▸ **WORK INSTRUCTION**: Below are the entries. Transcribe exactly the lines from the one with "Na-MBS is a" through the one with "Su Manafont uscita", ends included, and leave out all others.

▸ **RECORDS**:
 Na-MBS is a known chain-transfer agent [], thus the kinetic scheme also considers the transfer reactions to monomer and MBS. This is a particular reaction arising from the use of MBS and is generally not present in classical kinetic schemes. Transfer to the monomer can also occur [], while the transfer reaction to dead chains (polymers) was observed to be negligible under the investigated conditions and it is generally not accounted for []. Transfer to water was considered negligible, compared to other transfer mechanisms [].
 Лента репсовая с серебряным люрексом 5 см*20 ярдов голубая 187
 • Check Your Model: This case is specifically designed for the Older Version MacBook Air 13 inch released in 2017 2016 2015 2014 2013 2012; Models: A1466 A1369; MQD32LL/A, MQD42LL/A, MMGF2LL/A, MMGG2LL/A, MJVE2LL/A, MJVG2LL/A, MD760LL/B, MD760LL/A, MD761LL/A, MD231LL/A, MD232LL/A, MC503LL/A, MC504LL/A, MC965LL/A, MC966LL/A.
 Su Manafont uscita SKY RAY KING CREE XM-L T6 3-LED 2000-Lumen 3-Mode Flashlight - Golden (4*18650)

...

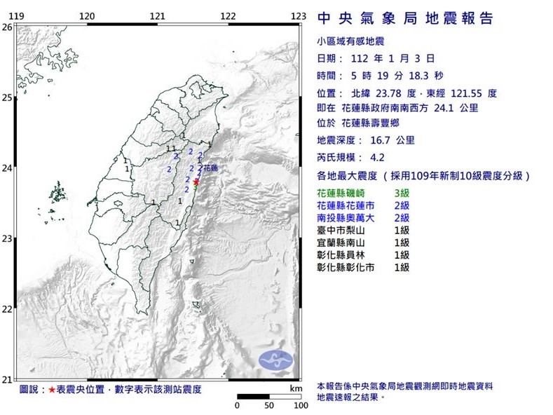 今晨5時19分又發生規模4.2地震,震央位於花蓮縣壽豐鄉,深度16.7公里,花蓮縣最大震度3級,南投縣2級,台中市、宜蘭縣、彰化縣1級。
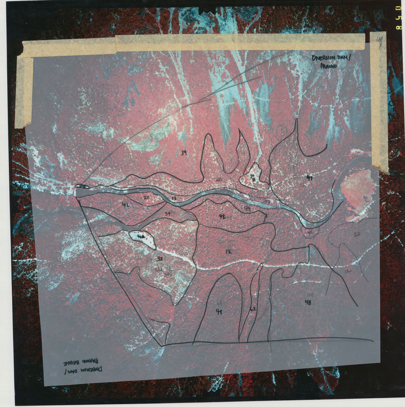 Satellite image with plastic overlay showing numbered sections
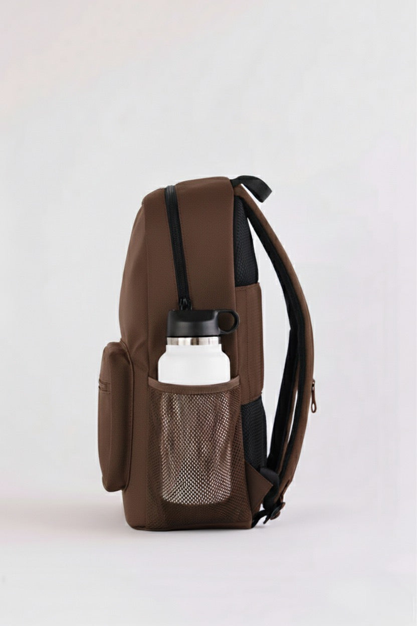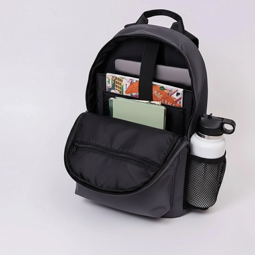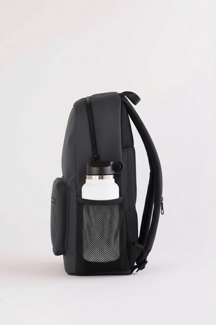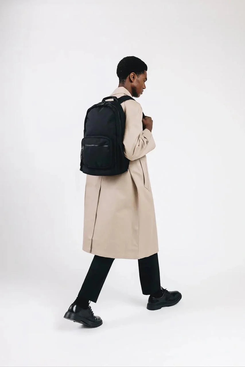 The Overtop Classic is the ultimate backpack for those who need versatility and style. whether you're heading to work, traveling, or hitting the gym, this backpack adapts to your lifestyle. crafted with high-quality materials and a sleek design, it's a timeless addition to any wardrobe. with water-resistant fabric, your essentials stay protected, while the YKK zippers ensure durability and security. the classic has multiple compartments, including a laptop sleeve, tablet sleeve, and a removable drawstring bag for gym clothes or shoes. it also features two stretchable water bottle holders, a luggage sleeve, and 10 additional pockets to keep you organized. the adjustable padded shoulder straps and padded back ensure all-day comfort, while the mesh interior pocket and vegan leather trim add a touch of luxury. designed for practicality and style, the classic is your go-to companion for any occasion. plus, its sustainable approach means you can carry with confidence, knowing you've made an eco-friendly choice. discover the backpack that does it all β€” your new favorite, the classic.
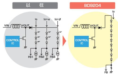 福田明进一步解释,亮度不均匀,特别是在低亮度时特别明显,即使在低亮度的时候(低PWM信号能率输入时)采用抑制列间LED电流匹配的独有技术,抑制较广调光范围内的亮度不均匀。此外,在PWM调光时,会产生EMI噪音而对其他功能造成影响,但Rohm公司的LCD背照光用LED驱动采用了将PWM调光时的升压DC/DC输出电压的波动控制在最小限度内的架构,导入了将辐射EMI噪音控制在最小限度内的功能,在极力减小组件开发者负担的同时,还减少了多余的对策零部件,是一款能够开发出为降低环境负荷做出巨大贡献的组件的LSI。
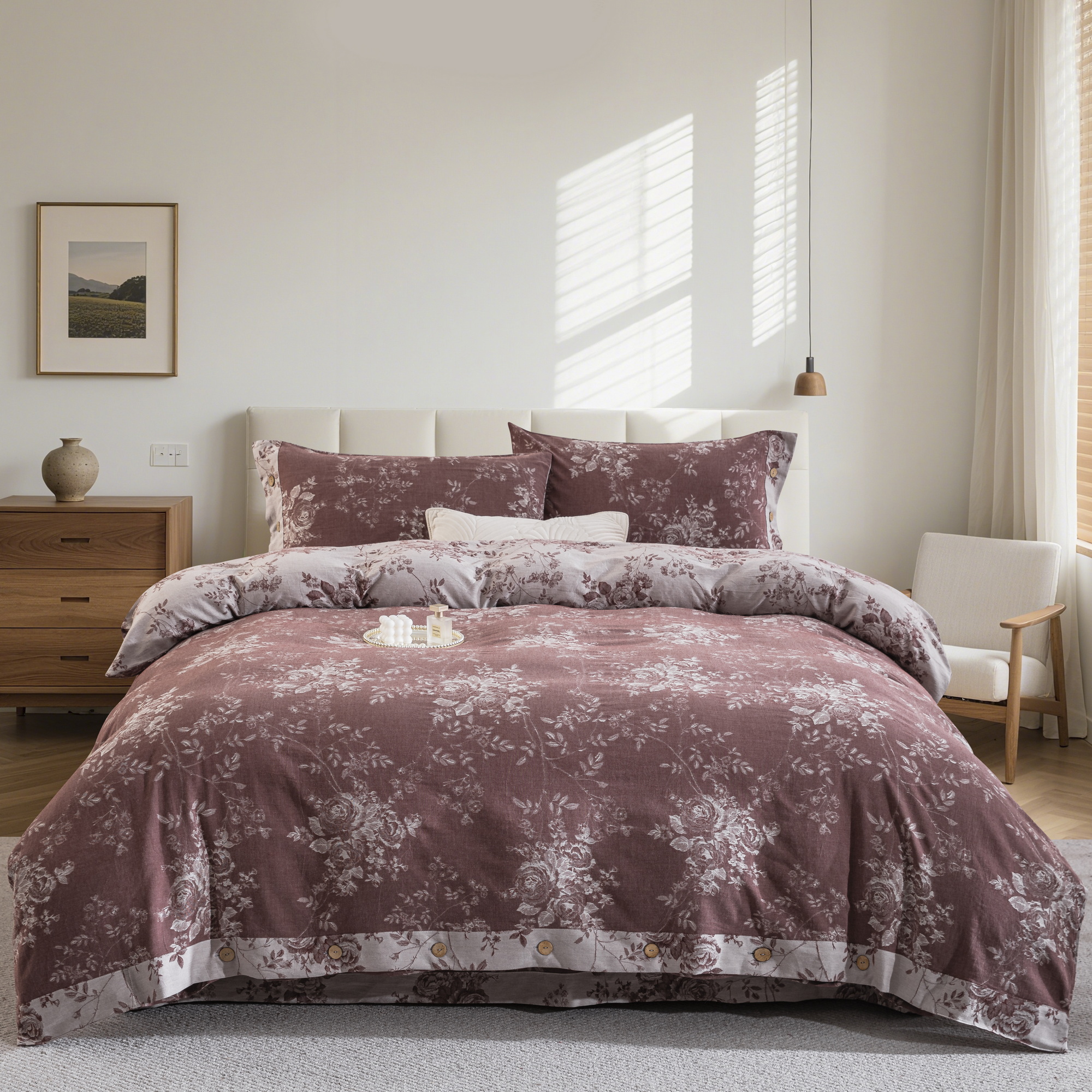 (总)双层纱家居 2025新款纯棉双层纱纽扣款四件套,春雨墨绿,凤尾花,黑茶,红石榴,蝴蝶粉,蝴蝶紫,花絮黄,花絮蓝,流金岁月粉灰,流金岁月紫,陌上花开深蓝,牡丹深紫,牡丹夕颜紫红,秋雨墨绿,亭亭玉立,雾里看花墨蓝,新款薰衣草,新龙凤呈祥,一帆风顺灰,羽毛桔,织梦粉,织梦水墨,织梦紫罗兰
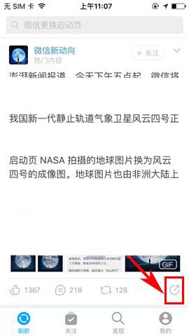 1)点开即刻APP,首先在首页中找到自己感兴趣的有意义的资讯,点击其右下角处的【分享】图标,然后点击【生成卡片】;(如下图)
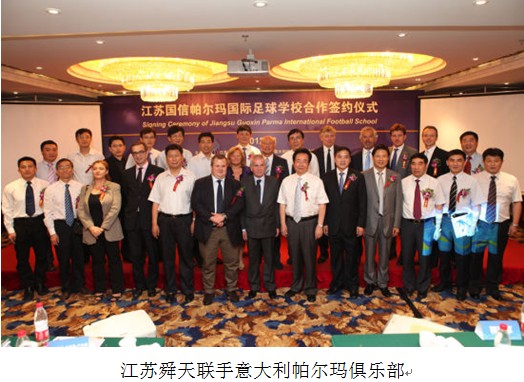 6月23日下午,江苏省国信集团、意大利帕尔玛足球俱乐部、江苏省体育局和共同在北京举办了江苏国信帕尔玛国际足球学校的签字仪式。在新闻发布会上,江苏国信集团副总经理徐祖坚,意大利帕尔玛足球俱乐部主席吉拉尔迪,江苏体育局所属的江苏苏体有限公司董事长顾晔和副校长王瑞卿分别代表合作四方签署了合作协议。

▸ **RESPONSE TO THE EXERCISE**:
 Na-MBS is a known chain-transfer agent [], thus the kinetic scheme also considers the transfer reactions to monomer and MBS. This is a particular reaction arising from the use of MBS and is generally not present in classical kinetic schemes. Transfer to the monomer can also occur [], while the transfer reaction to dead chains (polymers) was observed to be negligible under the investigated conditions and it is generally not accounted for []. Transfer to water was considered negligible, compared to other transfer mechanisms [].
 Лента репсовая с серебряным люрексом 5 см*20 ярдов голубая 187
 • Check Your Model: This case is specifically designed for the Older Version MacBook Air 13 inch released in 2017 2016 2015 2014 2013 2012; Models: A1466 A1369; MQD32LL/A, MQD42LL/A, MMGF2LL/A, MMGG2LL/A, MJVE2LL/A, MJVG2LL/A, MD760LL/B, MD760LL/A, MD761LL/A, MD231LL/A, MD232LL/A, MC503LL/A, MC504LL/A, MC965LL/A, MC966LL/A.
 Su Manafont uscita SKY RAY KING CREE XM-L T6 3-LED 2000-Lumen 3-Mode Flashlight - Golden (4*18650)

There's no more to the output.